Like traditional business intelligence (BI), these new big data tools can analyze past trends to help companies identify important patterns such as specific sales trends. Many big data tools are now offering a new generation predictive and prescriptive insights as well from all that data buried deep in your data center or off-premise.
The challenge, as Gartner analyst Doug Laney tells Datamation, is less about scaling infrastructure to handle all this data, but the variety of the data itself.
“The real challenge that vendors have only scratched the surface of is dealing with, integrating, co-structuring, and making sense of inputs from one’s own transaction and customer data, plus data from partners and suppliers, then also the expanding world of exogenous data such as social media, open data and syndicated data (from data brokers),” Laney said in an email.

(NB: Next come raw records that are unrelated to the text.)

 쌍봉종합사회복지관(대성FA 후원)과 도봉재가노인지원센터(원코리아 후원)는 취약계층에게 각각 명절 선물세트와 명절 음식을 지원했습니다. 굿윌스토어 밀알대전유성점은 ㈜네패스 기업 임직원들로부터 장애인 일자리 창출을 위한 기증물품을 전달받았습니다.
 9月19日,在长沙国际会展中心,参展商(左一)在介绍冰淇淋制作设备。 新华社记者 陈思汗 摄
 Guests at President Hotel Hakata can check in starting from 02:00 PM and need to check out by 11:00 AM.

And even though Gartner clients by a 2-to-1 margin say data variety is a greater issue for them than either volume or velocity of data, “vendors continue to peddle ‘bigger and faster’ solutions instead.”

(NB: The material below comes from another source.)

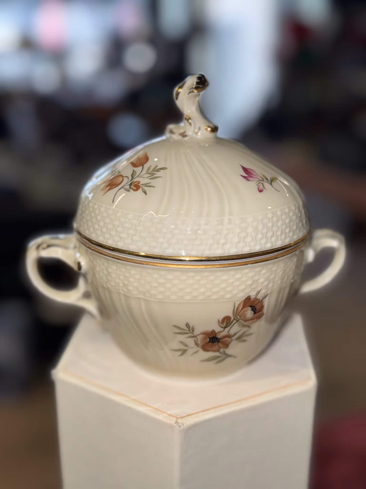 «Frijsenborg « Royal Copenhagen Sukkerkopp 450,- Høyde uten lokk 7,5 cm. Ø- 10 cm. På lager Legg i handlekurv Lagerbalanse: 1 Artikkelnummer: 1058 Del Informasjon Høyde uten lokk 7,5 cm. Ø- 10 cm.

Constellation Research analyst Doug Henschen says big data solutions are definitely evolving.
“In my book, 2014 was the year of SQL-on-Hadoop announcements, but this year companies and vendors started to realize that the opportunity with big data isn’t just to scale up traditional BI and Data Warehousing,” says Henschen. “Thus the Apache Spark open source framework and other analytical options that go beyond SQL have been hot in 2015. Spark was embraced by scores of vendors and hundreds of big companies in 2015. IBM was the most visible vendor advocate, but plenty of other data-integration and big data platform companies joined the bandwagon.”
In fact, it seems the big data bandwagon is getting bigger every day with vendors big and small joining in with solutions ranging from the relatively comprehensive to those designed to glean a specific range of insights. While hardly a comprehensive list, these four tools should be on your radar.
H2O for data scientists
H2O.ai is an open source machine learning system for data scientists that the company says will pull data from any source (e.g. Hadoop, SQL) and let you process it for analysis on commodity hardware across even thousands of nodes on a network or Amazon’s AWS cloud. You can start experimenting and continue using H2O.ai for free. The company charges for enterprise support.

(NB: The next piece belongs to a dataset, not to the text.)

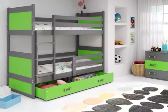 Lit ado superposé Rico 90X190 avec tiroir, gris/vert

“A lot of companies use Spark instead of Hadoop for its really fast short term memory, it’s like the RAM of big data,” says Oleg Rogynskyy, H2O’s VP of Marketing and Growth. “H20.ai can sit on top of Spark and reads from your short term memory and basically provides superfast analytical capabilities.”
Rogynskyy says H2O.ai is part of a new breed of data tools that aims to provide predictive analysis. He notes that SQL helped drive an earlier phase of descriptive data analysis or “tell me what happened” followed by the more recent “predictive phase” of products that look at what’s happened and try to help you predict what’s next – e.g. when will inventory run out, products break, etc.
“The third phase we’ll see played out in the next couple of years is the prescriptive phase – where the system says ‘Here is what I learned, what I think will happen and the future set of actions you should take to maximize whatever your goal is’,” says Rogynskyy. He points to Google Maps ability to proactively suggest alternate routes as an example of a prescriptive solution.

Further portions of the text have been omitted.